# EXERCISE DESCRIPTION
Locate the line containing "Then I covered" in the entries below, then retype it and every later line exactly, leaving out pictures.

------------

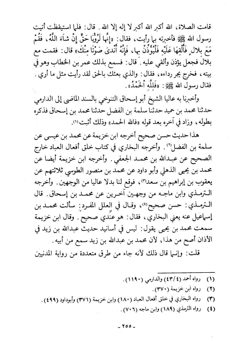 هذا حديث حسن صحيح أخرجه ابن خزيمة عن محمد بن عيسى عن سلمة بن الفضل (¬2). وأخرجه البخاري في كتاب خلق أفعال العباد خارج الصحيح عن عبد اللَّه بن محمد الجعفي. وأخرجه ابن خزيمة أيضا عن محمد بن يحيى الذهلي وأبو داود عن محمد بن منصور الطوسي ثلاثتهم عن يعقوب بن إبراهيم بن سعد (¬3)، فوقع لنا بدلا عاليا من الوجهين. وأخرجه الترمذي وابن ماجه من وجهين آخرين عن محمد بن إسحاق. قال الترمذي: حسن صحيح (¬4)، وقال في العلل المفرد: سألت محمد بن إسماعيل عنه يعني البخاري، فقال: هو عندي صحيح. وقال ابن خزيمة سمعت محمد بن يحيى يقول: ليس في أسانيد حديث عبد اللَّه بن زيد في الأذان أصح من هذا، لأن محمد بن عبد اللَّه بن زيد سمع من أبيه.
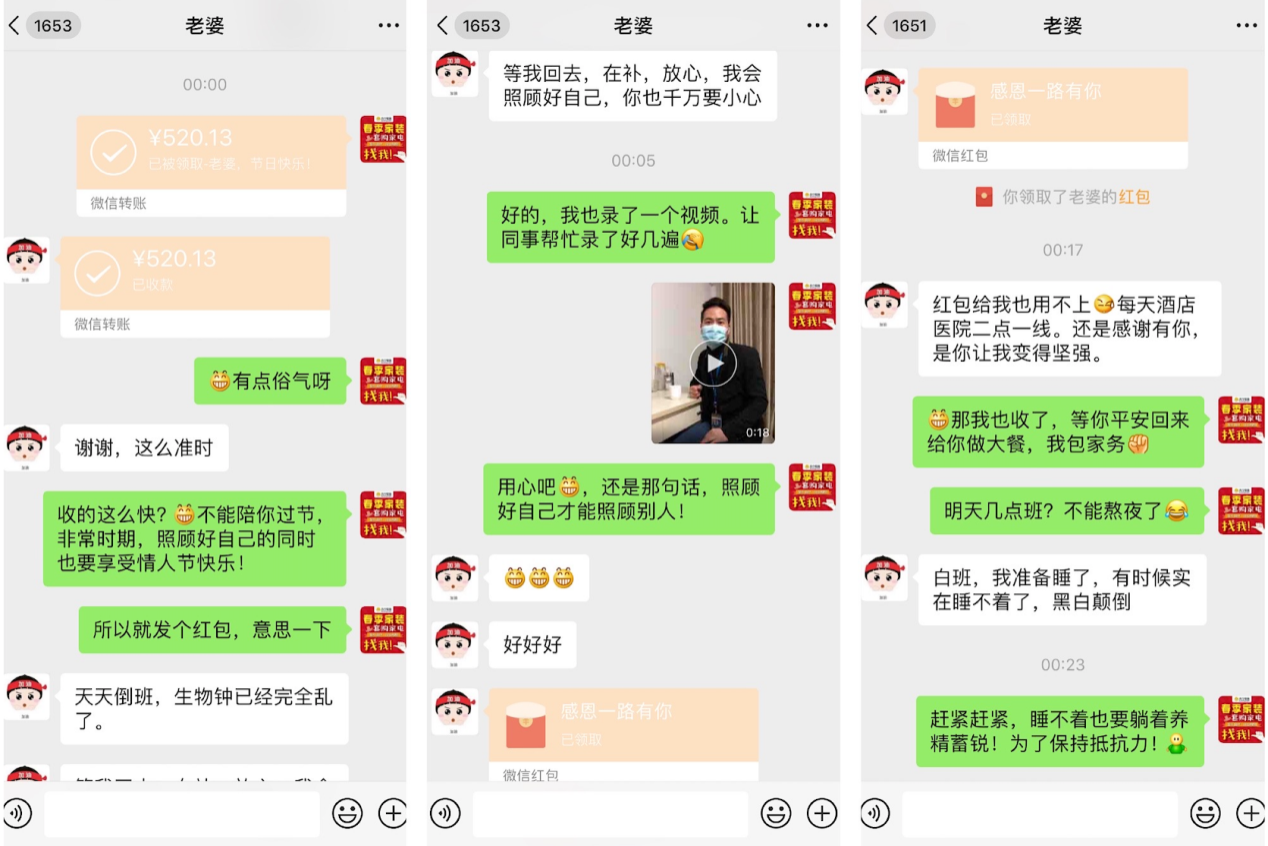 妻子也回贈(zèng)了紅包,說(shuō):“感謝有你,是你讓我變得堅(jiān)強(qiáng)?!?span style="text-indent: 2em;">盡管疫情讓他們相隔千里,但愛(ài)情始終連接著彼此的心。
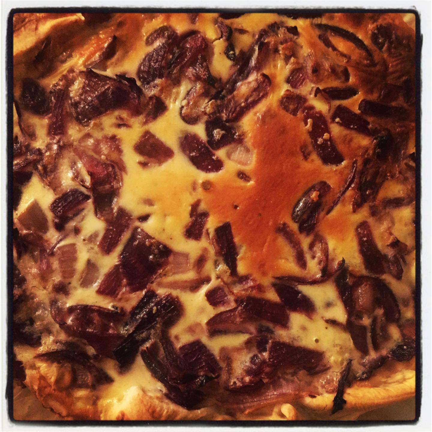 Etaler une pâte feuilletée sur un papier cuisson sur la polaque du four, mettre les légumes dessus, j’ai fait par 1 couche de chaque. Puis recouvrir de pâte feuilletée. Recouvrir de jaune d’oeuf et vous pouvez dessiner dessus.
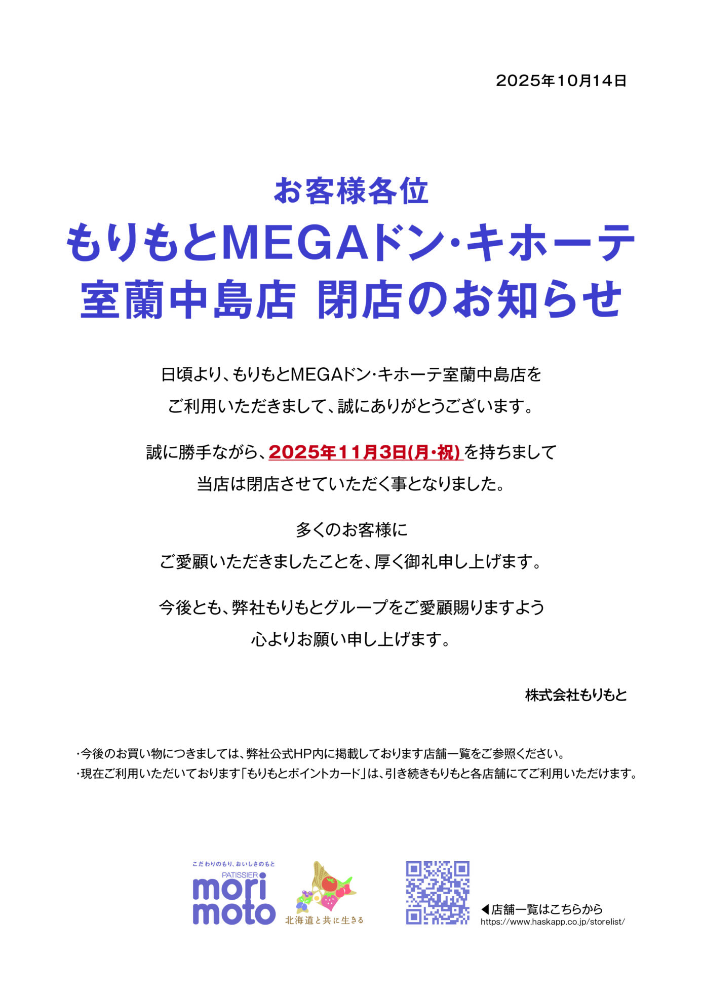 【重要】もりもとMEGAドン・キホーテ室蘭中島店 閉店のお知らせ
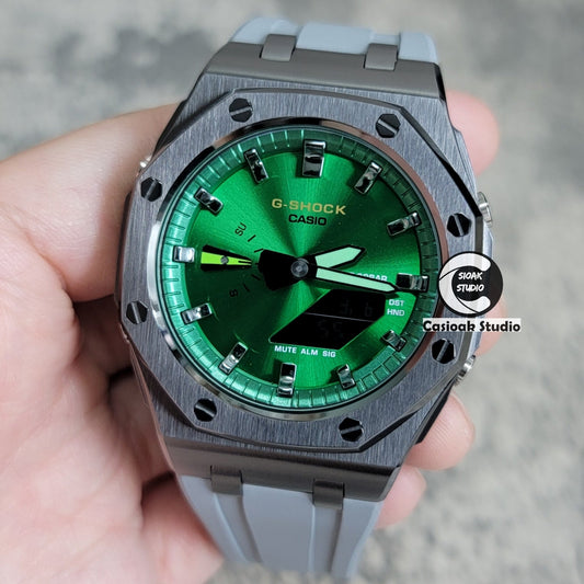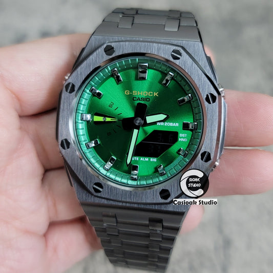 Casioak Mod Zegarek Nowa Polerowana Szara Koperta Metalowy Pasek Zielone Znaczniki Czasu Zielone Tarcze 44mm
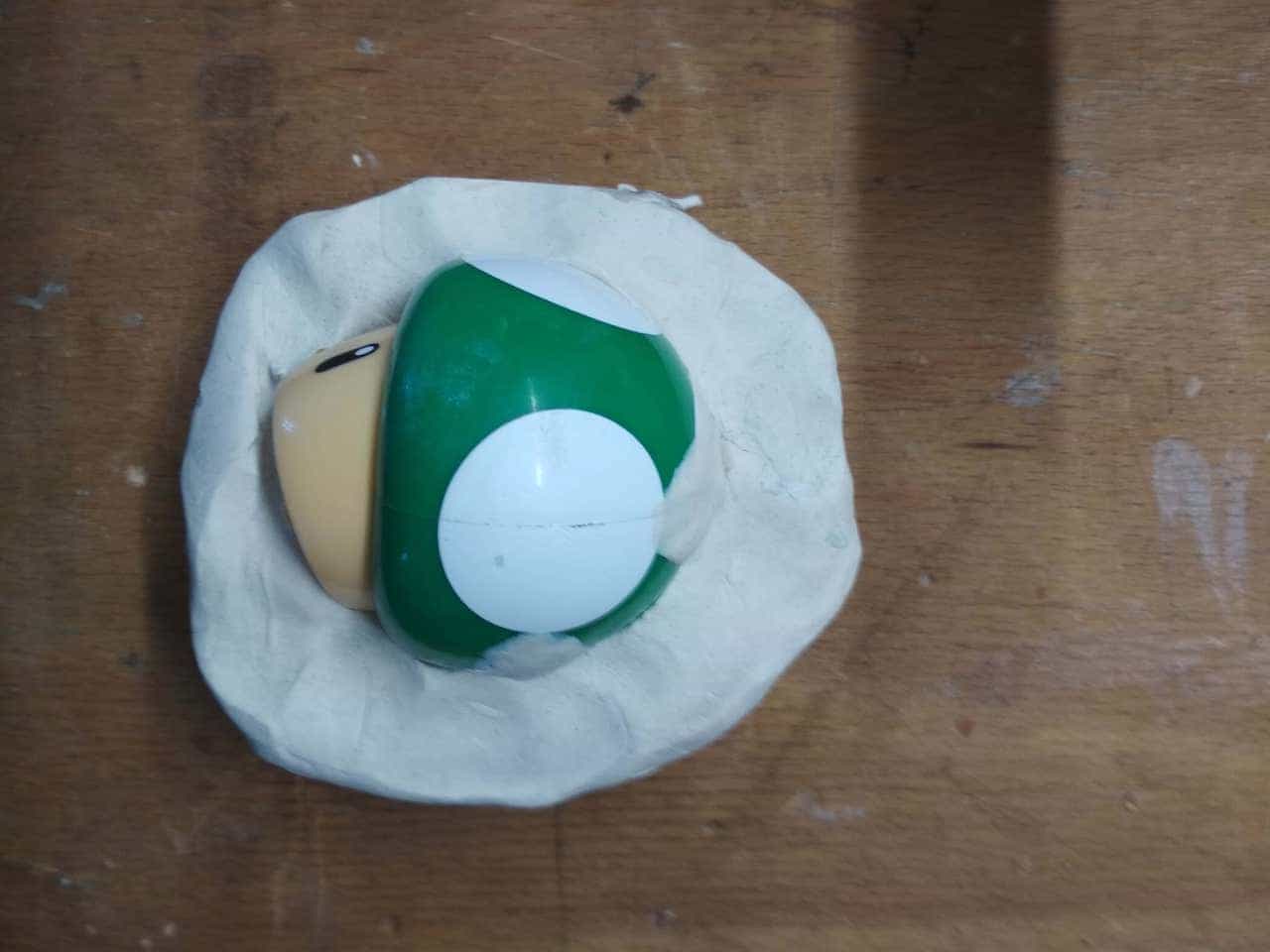 Then I covered one half of the mushroom with dough to make the first half of the mold.
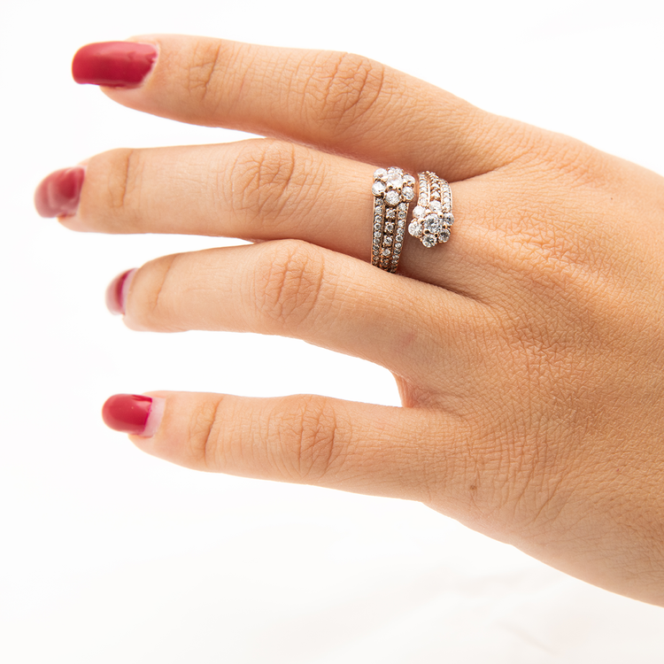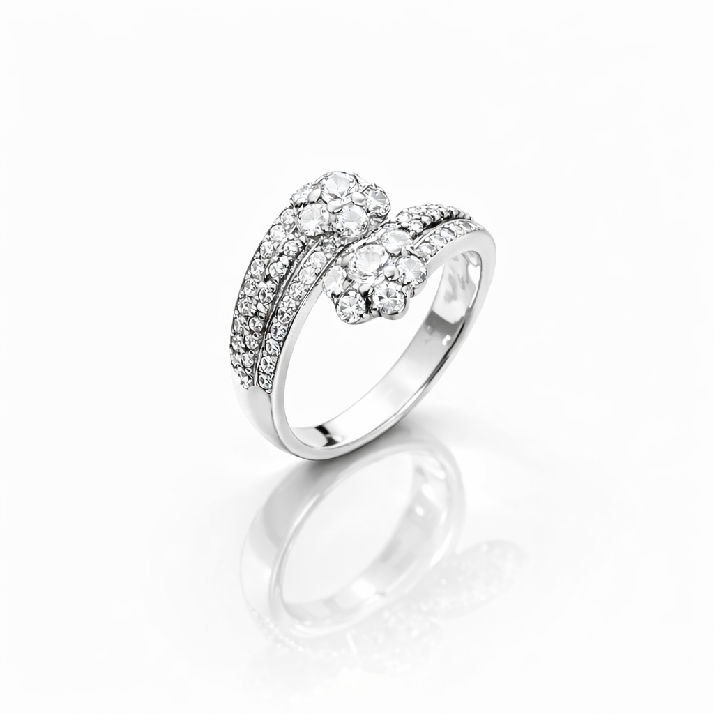 انگشتر نقره ۹۲۵ گلدار لوکس | جواهرات دستساز اصیل با نگینهای درخشان

------------

# TASK ANSWER
 Then I covered one half of the mushroom with dough to make the first half of the mold.
 انگشتر نقره ۹۲۵ گلدار لوکس | جواهرات دستساز اصیل با نگینهای درخشان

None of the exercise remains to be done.